A-5. チップの設計情報は馬英九市長が中国共産党に密売し、人民解放軍に流れた。馬英九市長はそれによって得た金で国民党内の序列を5位から1位に上げ、総統になった。
 
B-1. 后健慈氏は新唐科技の米国支社長から商談に招かれ台湾にやってきたが、焦佑鈞氏によって刑事告訴されており、空港に着いてすぐ理由のない逮捕状で逮捕され、投獄された。焦佑鈞氏は台湾調査局にすべての設計資料を押収させた。それらが返却されることはなかった。

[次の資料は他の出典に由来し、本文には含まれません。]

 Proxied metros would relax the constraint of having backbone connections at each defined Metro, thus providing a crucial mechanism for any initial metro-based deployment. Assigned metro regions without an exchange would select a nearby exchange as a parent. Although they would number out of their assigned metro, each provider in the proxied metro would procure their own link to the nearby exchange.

B-2. 2003年、亞圖は虹晶にチップ製造を発注したが、製品はできず、虹晶は「亞圖の設計に問題がある」として亞圖に対して訴訟を起こし、亞圖の資産を差押える手続きに乗り出した。

B-3. Mai Logicの共同開発先であるKaiser Electronicsは「不適切な妨害が入ってチップのサンプル製造が遅れている。適切な対応をしてほしい」と陳水扁総統宛にメールを送ったが、陳水扁総統はマフィアを恐れて介入しなかった

B-4. 米国に渡った后健慈氏は2006年に虹晶に対して1億ドルの損害賠償を求める反訴を起こした。

 
C-1. 焦佑鈞氏は后健慈の技術のマーケット機会を「すごい」と言って、亞圖に1,500万元を投資したのちにTSMC経由で技術を盗んだ。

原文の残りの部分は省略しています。